Обращаясь к биографии Гоголя, Мережковский отмечает разлад реального и мистического, языческого и христианского, который определил не только творчество, но и всю жизнь Гоголя, став лейтмотивом его творчества и его духовного развития. В разные периоды его жизни одно из противоположных начал брало верх, что отразилось в разнообразии и разножанровости его литературных произведений: от «Вечеров на хуторе близ Диканьки» до таинственных и мистических «Мёртвых душ». Необыкновенный язык Гоголя, его реалистичность, удивительная точность в описании малейших деталей всегда остаются его особым почерком, так же как его постоянный, особый, гоголевский смех.
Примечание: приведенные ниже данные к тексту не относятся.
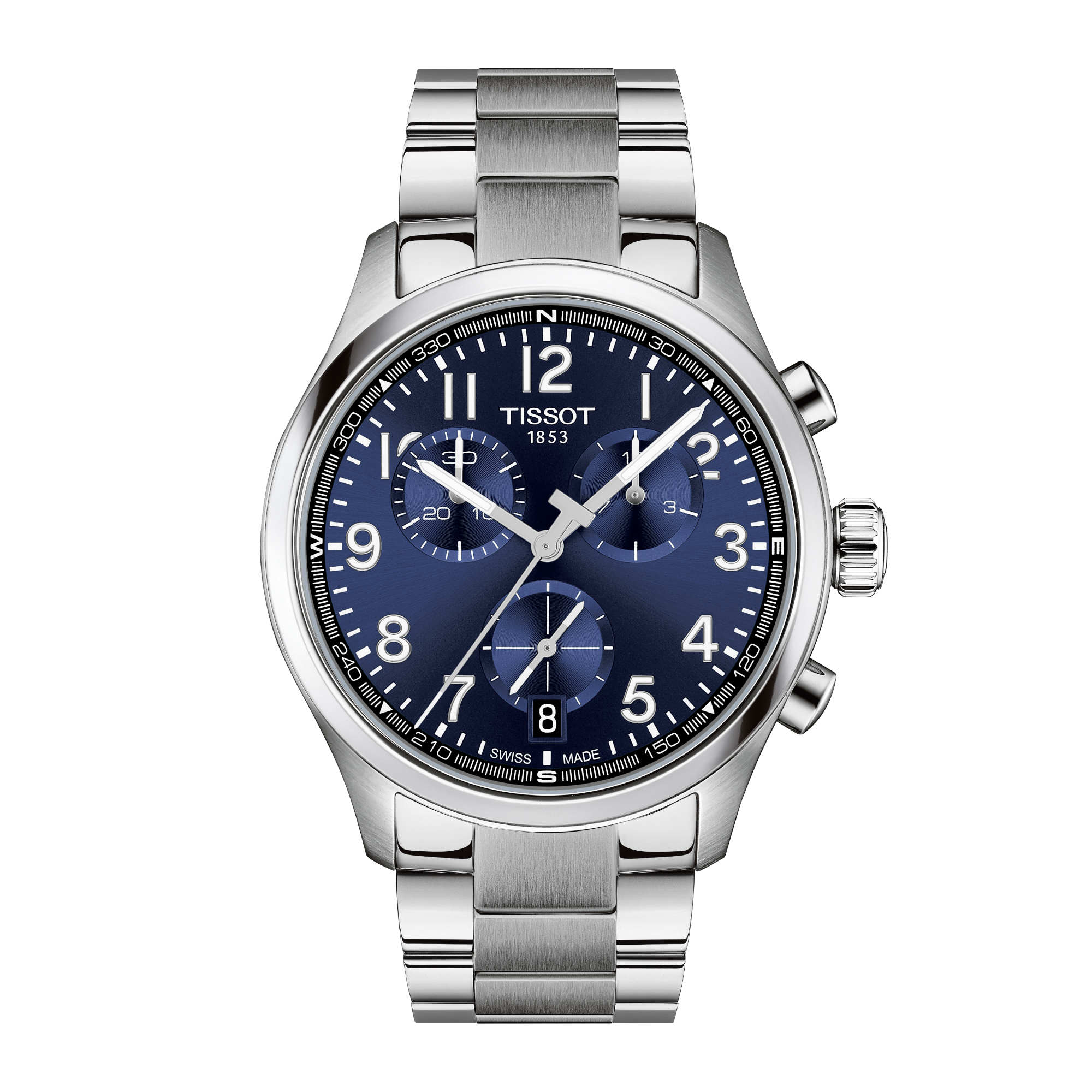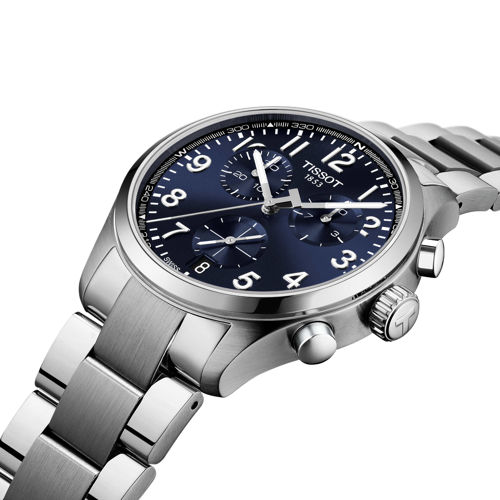 Entdecken Sie diese Tissot Chrono L 42mm Variante mit blauem Zifferblatt und elegantem Edelstahlarmband mit Butterfly-Faltschließe mit Drückern.

Считая смех Гоголя изначально плотским, земным, вышедшим из первозданной стихии, Мережковский видит в нем «чёрную точку» - соприкосновение двух начал, мира плотского и мира мистического. Сравнивая писателя с заколдованным Каем из сказки Андерсона, Мережковский говорит о том, что смех Гоголя -его проклятье, так как, высмеивая все вокруг, он как бы видит все через «дьявольский осколок стекла» [13]. Однако хотелось бы отметить, что смех Гоголя, даже если предположить, что в нем содержится упомянутый осколок, основан на покаянии, это смех сквозь слезы. Гоголь смеётся над собой, над своими страстями и грехами, раздувая их до гротескного, абсурдного характера и пуская его в свободное плавание по волнам литературных произведений. «Во мне заключалось собрание всех возможных гадостей. Я стал наделять своих героев моею собственною дрянью... взявши дурное свойство моё, я преследовал его в другом звании и на другом поприще, старался себе изобразить его в виде смертельного врага, нанесшего мне самое чувствительное оскорбление, преследовал его злобою, насмешкою и всем, чем ни попало.» [7].
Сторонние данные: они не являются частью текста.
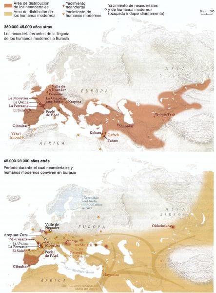 No hace mucho tiempo, aproximadamente unos 45.000 años, un grupo humano que hasta ese momento había evolucionado y habitado únicamente dentro del continente africano alcanza en el desplazamiento migratorio que lleva a cabo a lo largo de multitud de generaciones y miles de años el norte de África y la zona de Oriente Medio (hay que tener en cuenta que en esa época, en plena glaciación de Würn, las tierras del norte de África y Oriente Medio eran mucho más habitables, muy diferentes de lo que son en la actualidad). Son los homo sapiens. Ellos no lo saben, pero antes que ellos, hace ya muchos miles de años, otros grupos humanos con los que comparten un lejano origen común ya habían llegado a estas latitudes. Unos no tuvieron éxito y acabarían extinguiéndose. Pero otros consiguieron establecerse y sobrevivir a duras penas, continuando algunos de ellos su camino hacia Europa y Asia. Los sapiens se encuentran aquí por vez primera con unos humanos de aspecto muy diferente al suyo, el hombre de Neanderthal, cuyos antepasados habían llegado a estos lugares hace ya más de 200.000 años. Esto es así debido a que ambos grupos humanos, que comparten un origen común, llevan evolucionando por separado desde hace miles de años. Los neanderthales no poseen un lenguaje, cultura y socialización tan desarrollado como los de los sapiens. Aunque es algo que no se produce de forma generalizada, se lleva a cabo el cruce entre ambos grupos humanos, intercambiándose material genético. Supongo que lo más lógico sería pensar que el aporte de genes neanderthales a los sapiens se produjo a través de las mujeres sapiens. La población de neanderthales nunca ha sido muy numerosa. Los recien llegados les superan en una proporción de 10 a 1, por lo que al enfrentarse a ellos bien son exterminados por los invasores que les superan ampliamente en número o bien se ven obligados a replegarse y huir. El camino hacia adelante de algunos de estos sapiens continúa y avanzan hacia Asia, entrando en Europa a través de la península de Anatolia y virando hacia el oeste desde las regiones de Asia central . El continente europeo es un lugar frío e inhóspito, con el norte cubierto por una permanente y gruesa capa de hielo. En sus límites existen grandes extensiones de permafrost y tundra. Las montañas están cubiertas de forma permanente por las nieves y los glaciares, y en los duros inviernos, la banquisa llega a aproximarse al norte de la península ibérica. Desde las costas atlánticas, los neanderthales pueden ver habitualmente grandes bloques blancos de hielo viajando a la deriva a través del mar. Los hombres de Neanderthal se hallan distribuídos en varios grupos aislados orográficamente (parece ser que habitaban principalmente en tres zonas) ocupando las zonas esteparias, las tierras en las que sus condiciones de vida les son más benignas y más abundancia de alimento poseen. Este aislamiento de milenios entre estos grupos diferentes de población neanderthal, ha hecho que sean algo diferentes unos de otros. Los sapiens no lo saben, pero como consecuencia de la hibridación que tuvo lugar con los neanderthales de Oriente Medio y Asia su sistema inmune se ha visto reforzado, por lo que ahora tendrán mayores opciones de supervivencia en esta nueva tierra tan inhóspita en la que se adentran, dominada hasta ahora por sus lejanos parientes. Estos, sorprendidos, no pueden contener la marea humana invasora que se abalanza sobre sus tierras. Son demasiados y están muy bien organizados. Colonizan los mejores asentamientos, teniendo los neanderthales que abandonarlos y cedérselos. La competencia por la escasa comida disponible se hace brutal. La hibridación que comenzó cuando ambos grupos tomaron contacto en el norte de África y Oriente Medio continúa produciéndose de forma esporádica. Cuando hay enfrentamientos los neanderthales casi siempre están en desventaja, principalmente por su menor número y porque las armas de los sapiens son más sofisticadas y efectivas. Los neanderthales son cada vez menos y se hallan más dispersos. Ya no habrá vuelta hacia atrás para ellos y en unos pocos miles de años los últimos supervivientes de la especie que se han visto confinados por la presión de los sapiens en la península ibérica se verán abocados a la extinción. Lo único que de ellos logrará perdurar en el tiempo estará dentro de los responsables de su final.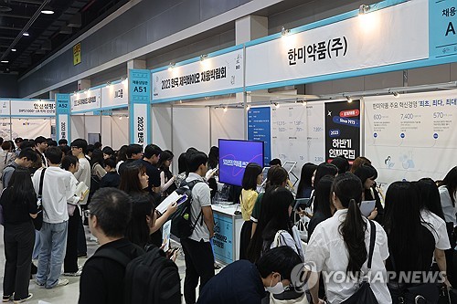 동아쏘시오홀딩스[000640], 메디톡스[086900], 종근당[185750], 유한양행[000100] 등 취업 상담 부스를 마련한 60개 기업은 구직자를 상대로 회사 직군과 채용 계획 등을 일대일로 설명했다.

Характеризуя творчество Гоголя, Мережковский отмечает, что основной лейтмотив всего творчества и даже всей жизни - высмеять черта, выставить его дураком перед людьми. Именно смех как символ радости и света противостоит чёрту - олицетворению вечного зла, представителю инфернального мира, воплощающему в себе отрицание Бога. Развивая эту мысль Гоголя, Мережковский удивительно точно отмечает великую разницу между Богом и чёртом: божественная бесконечность как существование вне границ времени, в вечности и дьявольская неоконченность как отрицание самой вечности [13]. Вся сила дьявола - в способности казаться, а не быть; представляться бесконечным, будучи неоконченным; его оружие - способность создавать иллюзии. Эта видимость

как истинная личина дьявола наиболее явно прописана в двух героях - Хлестакове и Чичикове. Эту идею, высказанную А. С. Пушкиным, назвавшим этих двух гоголевских героев «двух бесов изображениями» [Там же], Мережковский развивает и старается доказать её с помощью большого количества цитат самого Гоголя.
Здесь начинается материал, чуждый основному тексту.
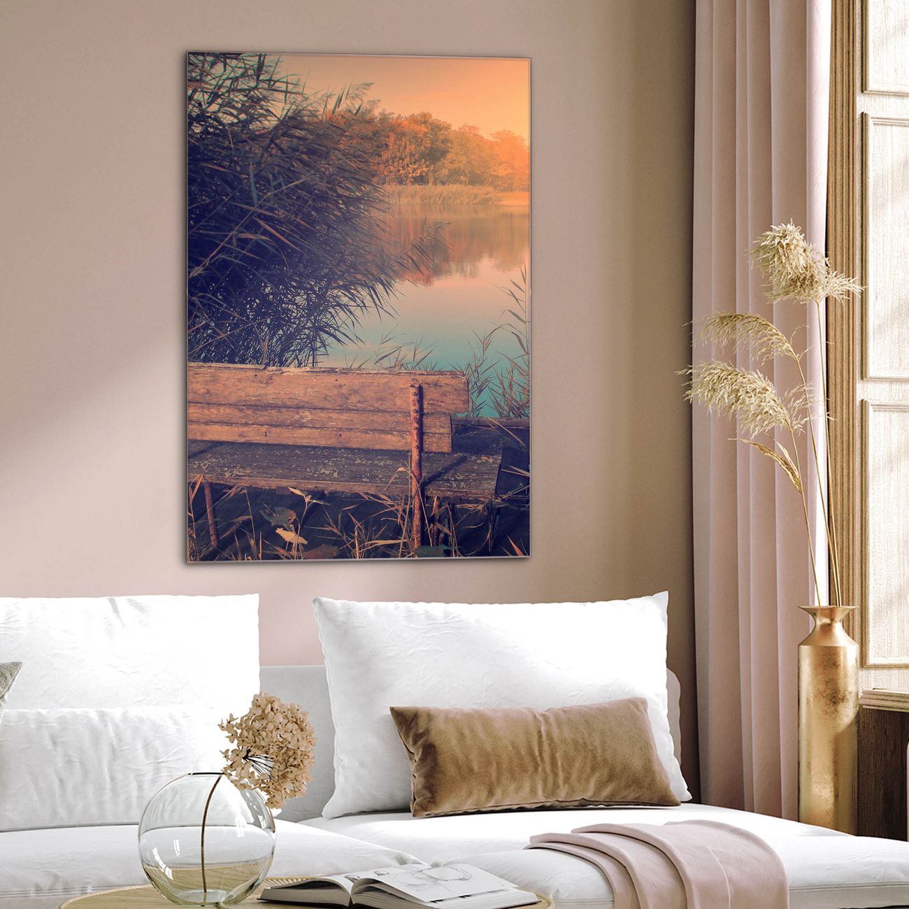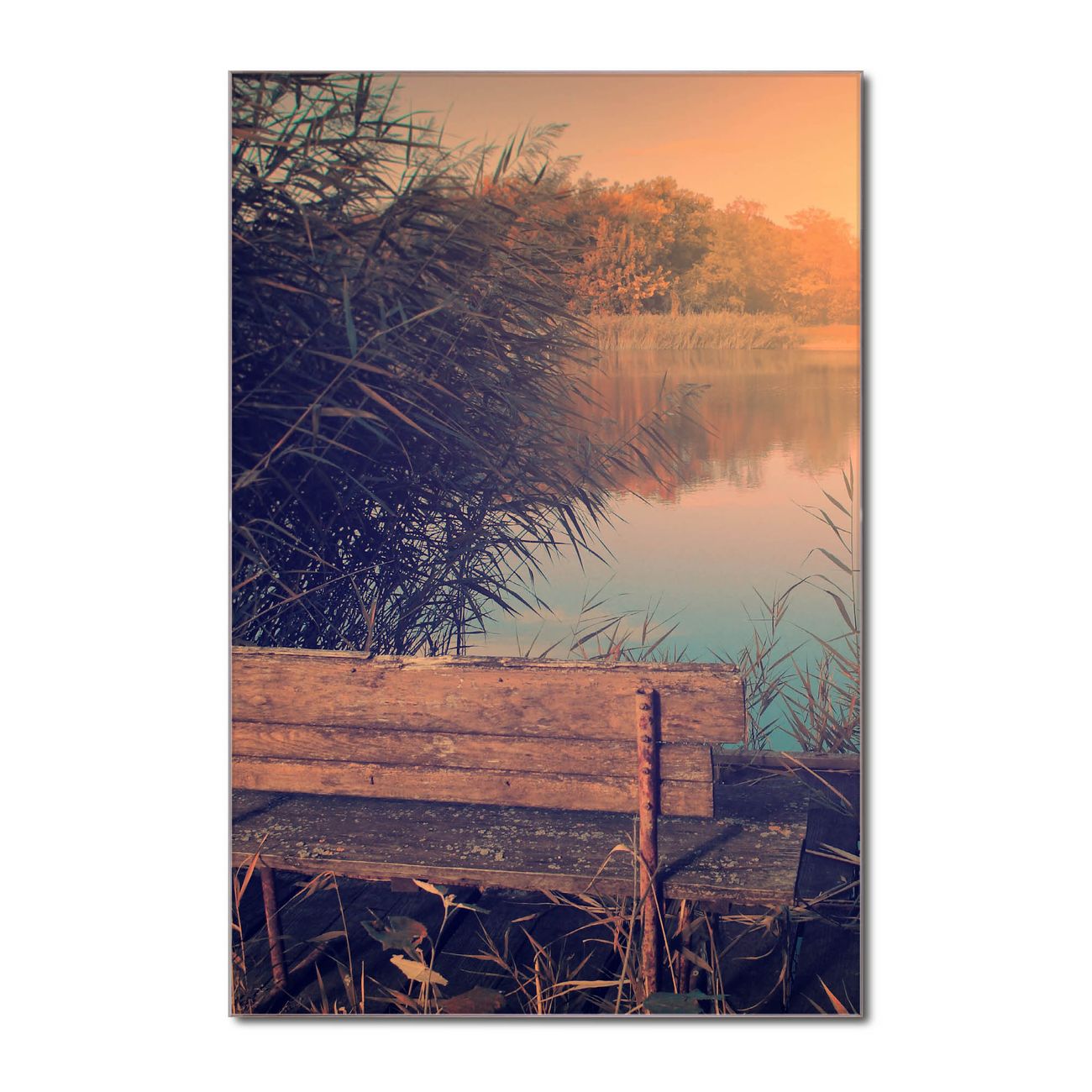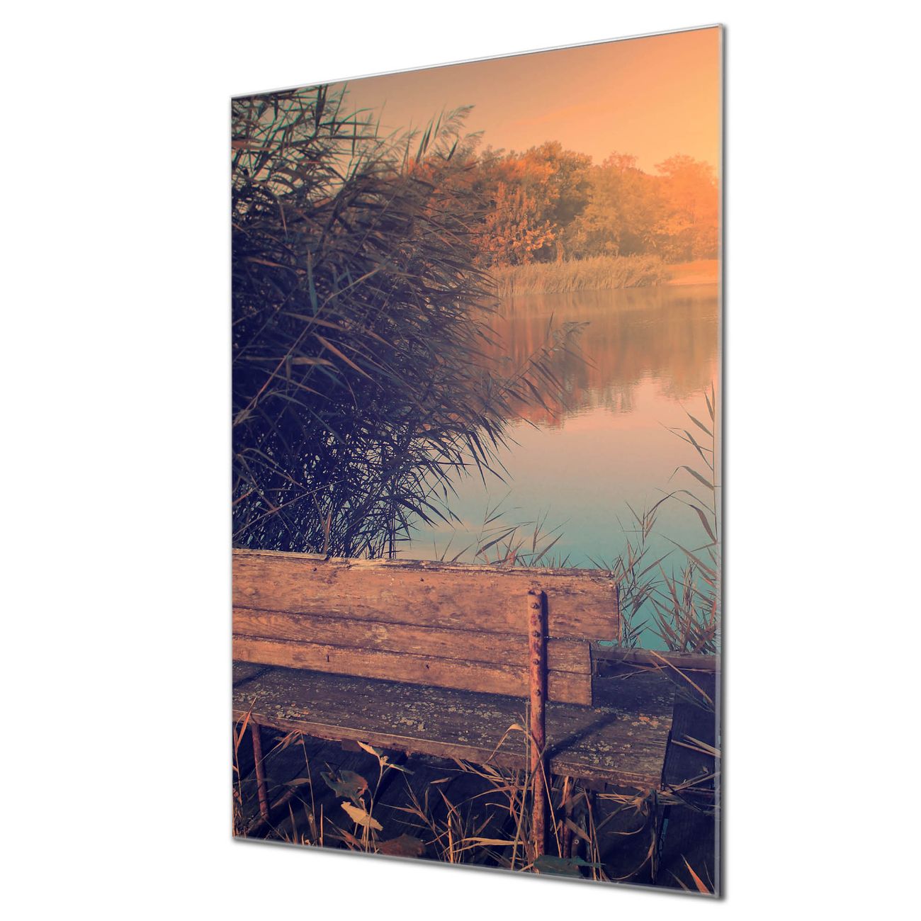 Brillantes Glasbild im Hochformat Bank Am See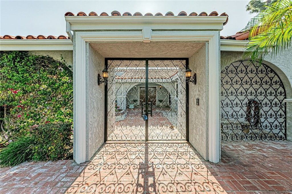 Rare opportunity to own a true single-story Spanish-style home in the prestigious North Friendly Hills community overlooking the Friendly Hills Golf Course (4th hole). Featuring 4 bedrooms, 4 bathrooms, and approximately 3,808 sq ft, this home offers a spacious and functional layout ideal for everyday living and entertaining. Privately gated, the home welcomes you into a charming courtyard with a custom planter centerpiece. Inside, the layout is enhanced by arched architectural details and travertine and wood flooring throughout. The floor plan includes a formal living room and family room with fireplaces, while the formal dining room is currently used as an office. The upgraded kitchen features an oversized island with granite countertops, designer drop lighting, and seating, along with dual sinks including a farmhouse-style sink, gas cooktop, stainless steel appliances, built-in desk, garden window, and an adjoining eating area. The kitchen opens to the living areas, and the family room features wood-beamed ceilings, a fireplace, and French doors leading to the outdoor spaces. A standout feature is the light-filled enclosed sunroom-style bonus space, ideal for a gym, game room, or additional living area. Situated on a 16,711 sq ft lot, the backyard features a built-in BBQ, spacious patio areas, grassy area, and a wood deck with golf course views. The primary suite offers a walk-in closet, a bathroom with separate shower and tub, and direct backyard access. Additional features include a three-car garage with epoxy-coated flooring and a separate storage room, crown molding, plantation shutters, central vacuum, ceiling fans, and Dual air conditioning and wall unit A/C for enclosed patio.

Схожесть Хлестакова и Чичикова на первый взгляд неочевидна. Первый - то, что Гоголь называл «тоненький господин», второй - «средней руки господин, во всех отношениях положительный», однако оба они -«две ипостаси вечного и всемирного зла - чёрта» [Там же], они суть воплощение самой опасной, дьявольской «середины», буржуазности, стремления к мирскому комфорту, пошлости. Это проявляется и в ухаживаниях Хлестакова сразу и за матерью, и за дочерью, и в ужимках и прыжках перед зеркалом, проделываемых Чичиковым, равно как и его многочасовые «стояния» перед зеркалом в любовании собственной «мордашкой».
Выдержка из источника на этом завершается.